■ **Task to carry out**
For this exercise, output the entries below exactly from the line that holds "鬼滅の刃 グッズ,時透 無一郎" to the line that holds "El precio de", both ends included. No pictures belong in the copy.

■ **Study material**
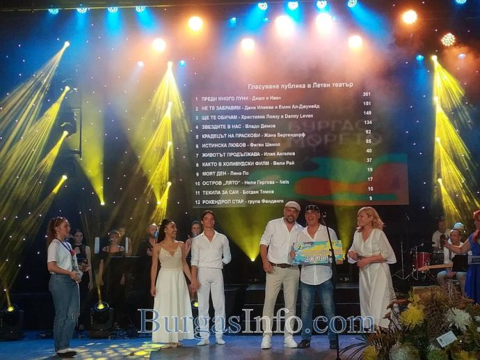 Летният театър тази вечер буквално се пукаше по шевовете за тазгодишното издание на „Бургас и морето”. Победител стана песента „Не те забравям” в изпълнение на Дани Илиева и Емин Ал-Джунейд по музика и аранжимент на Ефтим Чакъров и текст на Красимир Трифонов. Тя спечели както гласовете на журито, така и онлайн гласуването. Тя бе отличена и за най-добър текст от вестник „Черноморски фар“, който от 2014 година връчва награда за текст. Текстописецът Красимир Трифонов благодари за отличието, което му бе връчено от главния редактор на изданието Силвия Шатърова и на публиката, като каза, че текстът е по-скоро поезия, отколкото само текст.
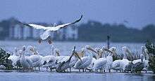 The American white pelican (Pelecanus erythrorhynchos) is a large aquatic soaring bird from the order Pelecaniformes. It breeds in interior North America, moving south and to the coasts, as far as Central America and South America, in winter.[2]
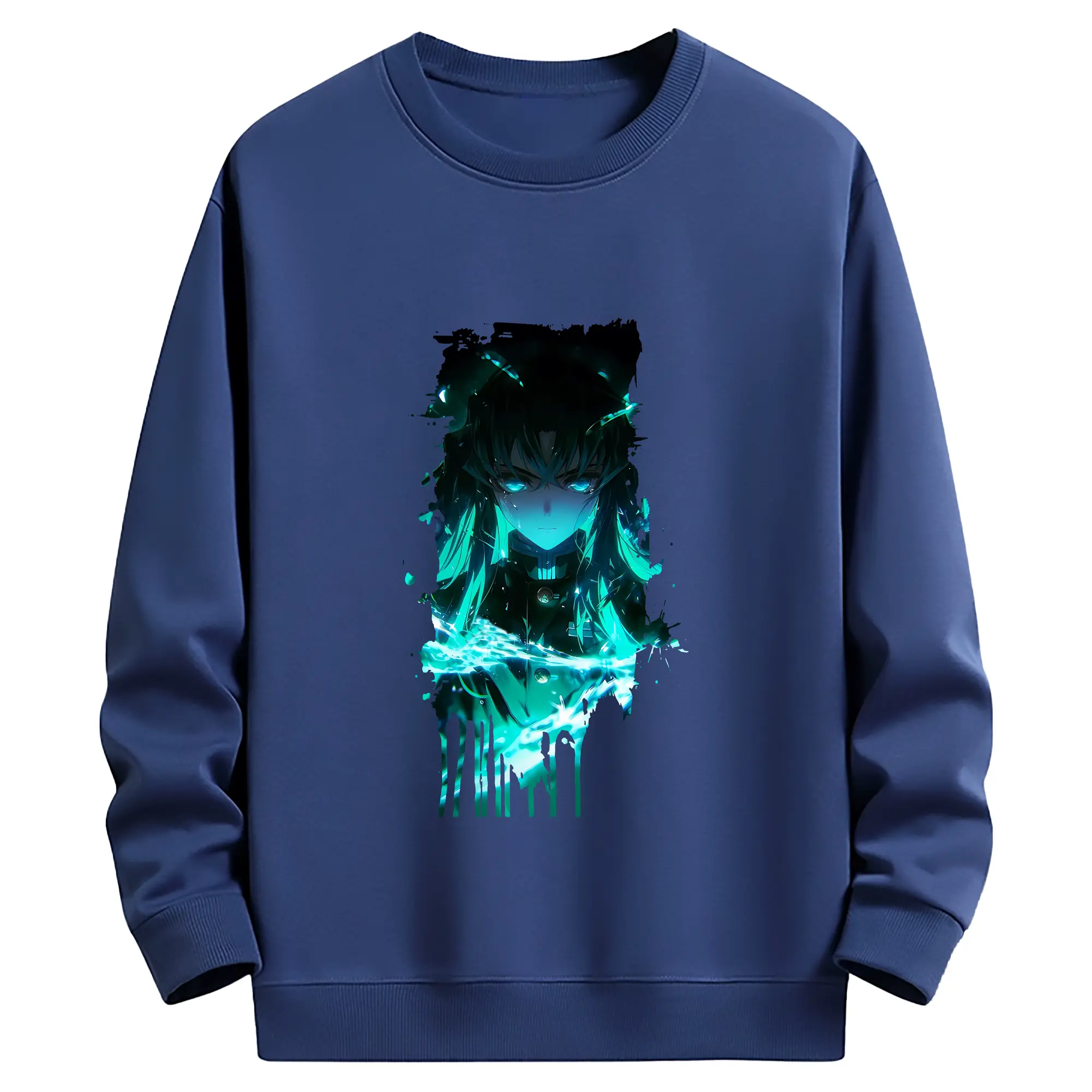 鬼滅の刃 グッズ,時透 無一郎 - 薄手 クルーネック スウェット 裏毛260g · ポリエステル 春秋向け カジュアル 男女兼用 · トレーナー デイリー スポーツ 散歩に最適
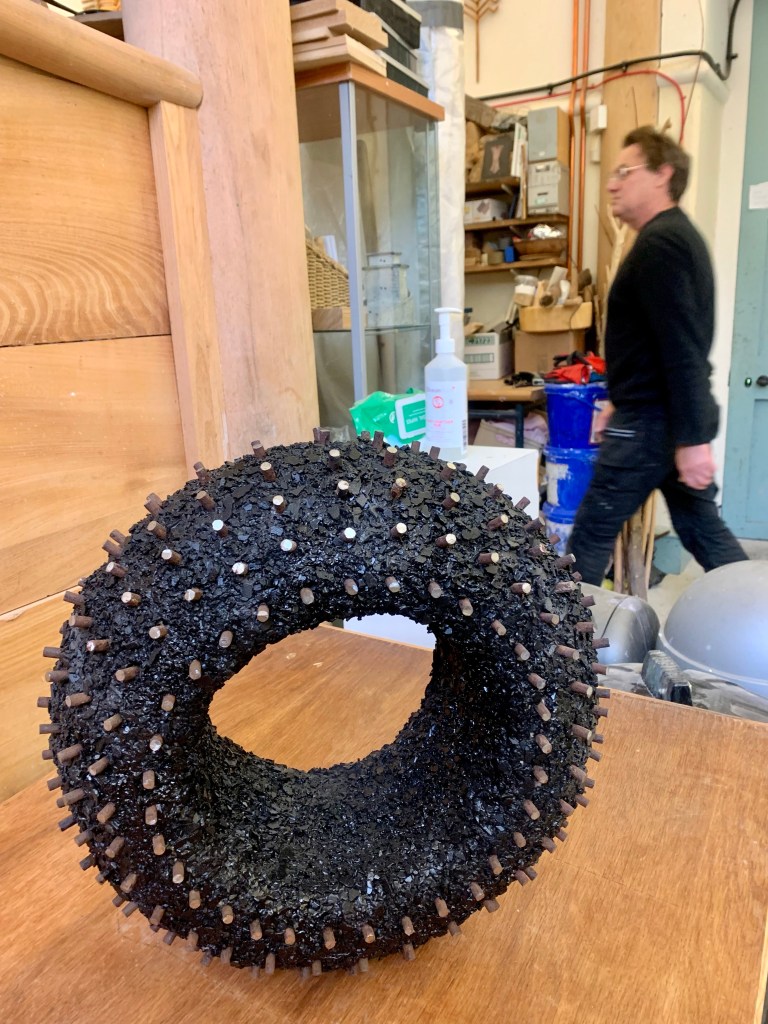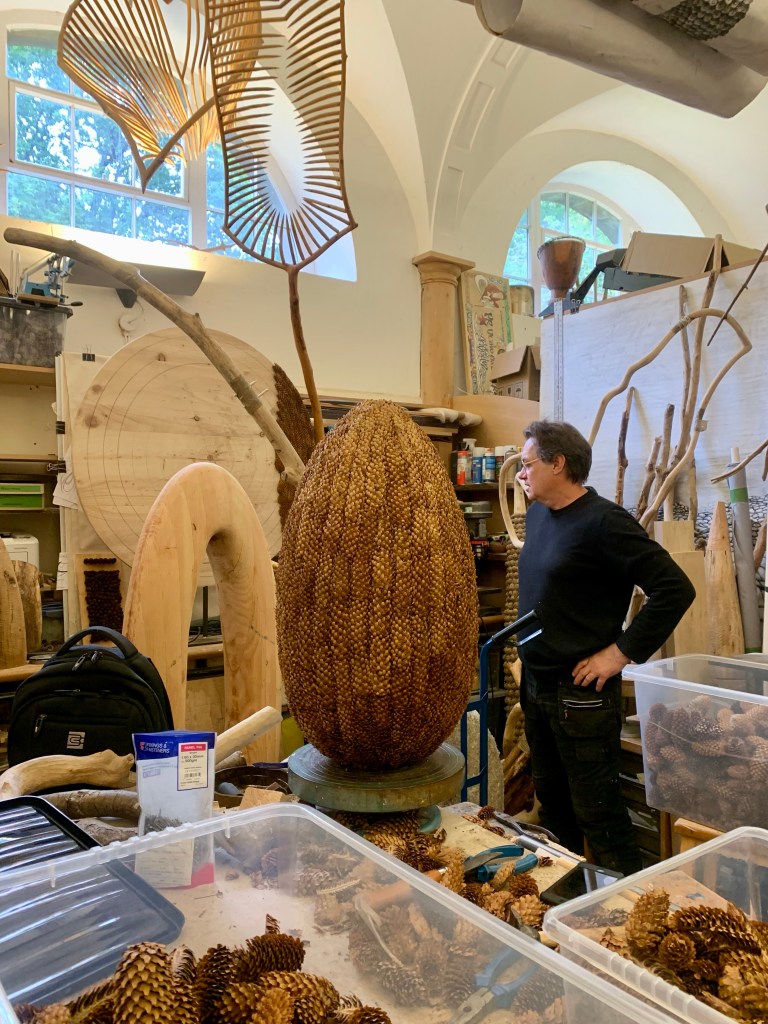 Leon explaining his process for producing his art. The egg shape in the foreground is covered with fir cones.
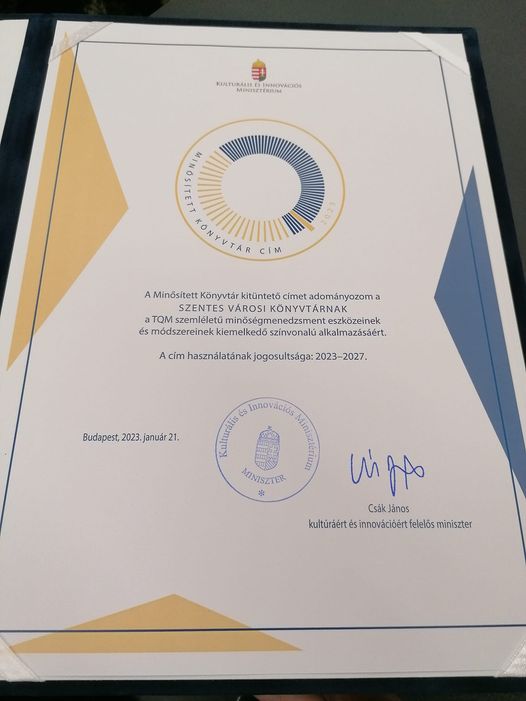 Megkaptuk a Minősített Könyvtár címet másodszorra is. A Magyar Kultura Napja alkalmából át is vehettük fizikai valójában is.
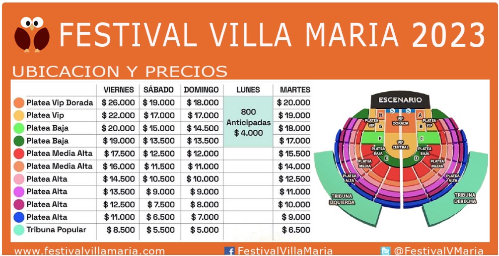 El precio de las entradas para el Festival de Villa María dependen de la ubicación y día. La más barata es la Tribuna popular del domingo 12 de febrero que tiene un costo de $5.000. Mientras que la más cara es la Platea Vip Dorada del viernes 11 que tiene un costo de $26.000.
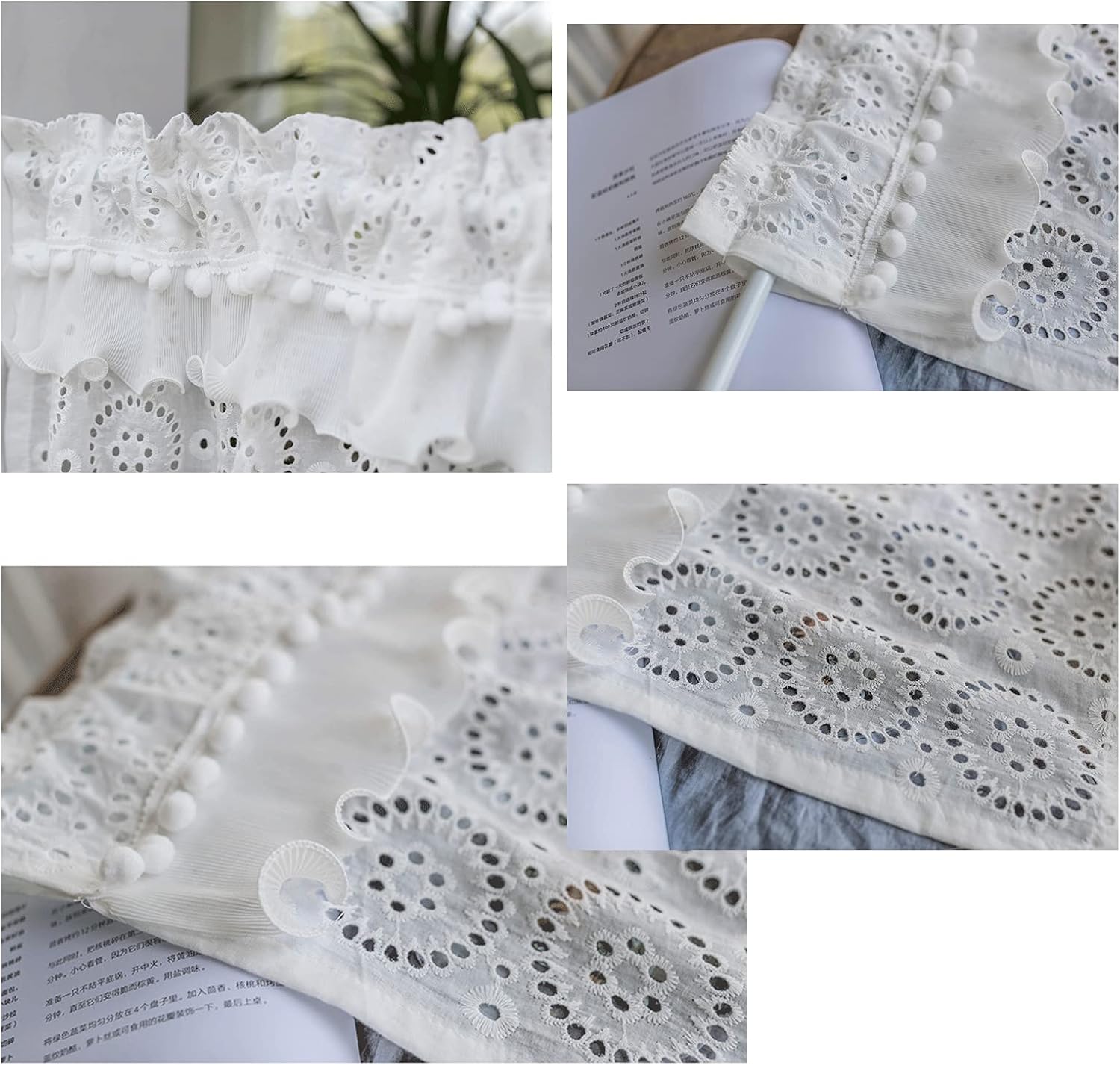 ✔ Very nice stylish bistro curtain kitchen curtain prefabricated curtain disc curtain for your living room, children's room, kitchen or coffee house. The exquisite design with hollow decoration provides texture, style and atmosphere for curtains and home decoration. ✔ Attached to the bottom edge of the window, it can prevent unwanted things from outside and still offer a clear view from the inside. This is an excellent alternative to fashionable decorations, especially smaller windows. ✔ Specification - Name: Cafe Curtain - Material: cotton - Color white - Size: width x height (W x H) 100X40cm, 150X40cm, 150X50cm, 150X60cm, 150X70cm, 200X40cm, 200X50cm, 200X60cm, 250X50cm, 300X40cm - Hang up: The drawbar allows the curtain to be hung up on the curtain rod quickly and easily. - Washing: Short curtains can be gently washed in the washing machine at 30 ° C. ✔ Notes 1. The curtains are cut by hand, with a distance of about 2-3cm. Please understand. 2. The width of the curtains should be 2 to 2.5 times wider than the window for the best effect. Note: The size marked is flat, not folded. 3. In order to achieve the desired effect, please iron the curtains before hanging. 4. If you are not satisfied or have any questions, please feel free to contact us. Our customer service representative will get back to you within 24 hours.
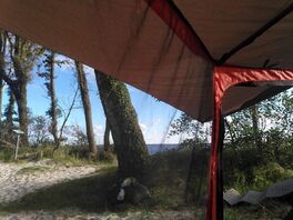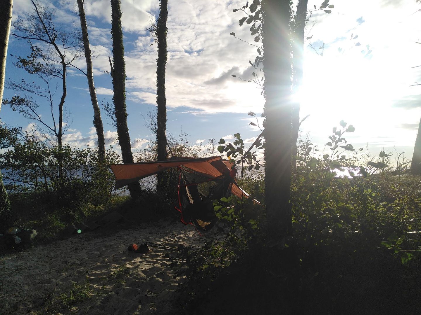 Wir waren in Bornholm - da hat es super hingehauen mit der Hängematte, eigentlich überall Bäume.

■ **Your response**
 鬼滅の刃 グッズ,時透 無一郎 - 薄手 クルーネック スウェット 裏毛260g · ポリエステル 春秋向け カジュアル 男女兼用 · トレーナー デイリー スポーツ 散歩に最適
 Leon explaining his process for producing his art. The egg shape in the foreground is covered with fir cones.
 Megkaptuk a Minősített Könyvtár címet másodszorra is. A Magyar Kultura Napja alkalmából át is vehettük fizikai valójában is.
 El precio de las entradas para el Festival de Villa María dependen de la ubicación y día. La más barata es la Tribuna popular del domingo 12 de febrero que tiene un costo de $5.000. Mientras que la más cara es la Platea Vip Dorada del viernes 11 que tiene un costo de $26.000.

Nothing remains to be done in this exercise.